This whitepaper briefly touched on how Intel is conducting research to help bridge the gap and bring about the much needed HPC-AI convergence. Additional IPCC research insights and scientific publications are available on the IPCC Web resources website.
Even the best research is for naught if HPC and data scientists cannot use the new technology. This is why scalability and performance breakthroughs are being quickly integrated into
performance libraries such as Intel® Math Kernel Library – Deep Neural Networks (Intel® MKL-DNN) and Intel® Nervana™ Graph™.
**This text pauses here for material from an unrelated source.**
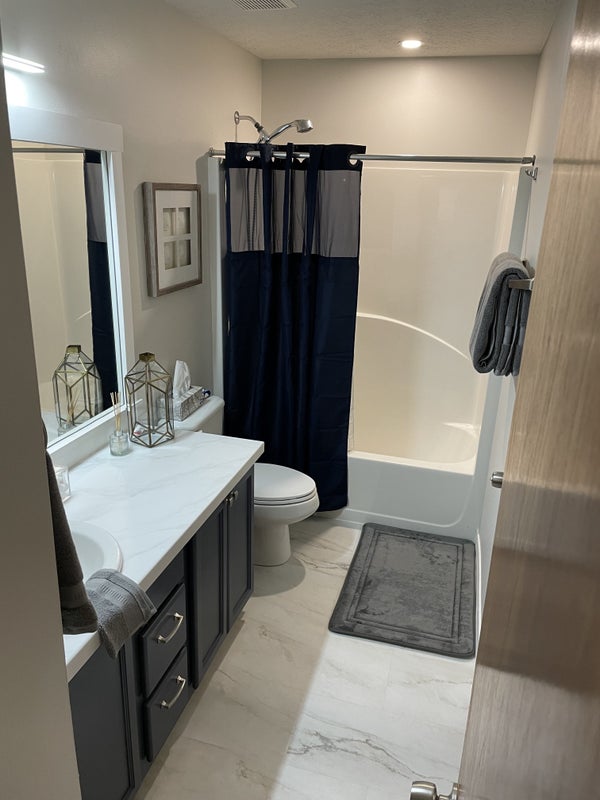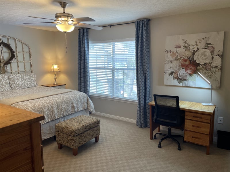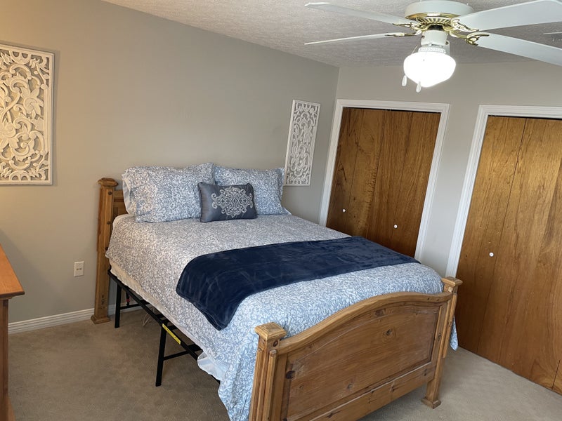 Room availability depends on vacancy: Jun 20 = upstairs tan bedroom with shared bathroom $1,100/mo or Aug 2 = downstairs bedroom with private bathroom $1,200/mo. All bedrooms are spacious 12'x 15’ with queen bed and bedding, nightstand, lamps, desk/chair, two dressers or closets, mirror, ceiling fan, HEPA air purifier, blinds and blackout curtains.

The performance of productivity languages such as Python, Julia, Java, R and more is increasing by leaps and bounds. These performance increases benefit data scientists and all aspects of AI from data preprocessing to training as well as inference and interpretation of the results. Julia, for example, recently delivered a peak performance of 1.54 petaflops using 1.3 million threads on 9,300 Intel Xeon Phi processor nodes of the Cori supercomputer at NERSC. The Celeste project utilized a code written entirely in Julia that processed approximately 178 terabytes of celestial image data and produced estimates for 188 million stars and galaxies in 14.6 minutes.
Figure 6: Speedup of Julia for deep learning when using Intel®
Math Kernel Library (Intel® MKL) vs. the standard software stack
Jeff Regier, a postdoctoral researcher in UC Berkeley’s Department of Electrical Engineering and Computer Sciences explained the Celeste AI effort: “Both the predictions and the uncertainties are based on a Bayesian model, inferred by a technique called Variational Bayes. To date, Celeste has estimated more than 8 billion parameters based on 100 times more data than any previous reported application of Variational Bayes.” Baysian models are a form of machine learning used by data scientists in the AI community.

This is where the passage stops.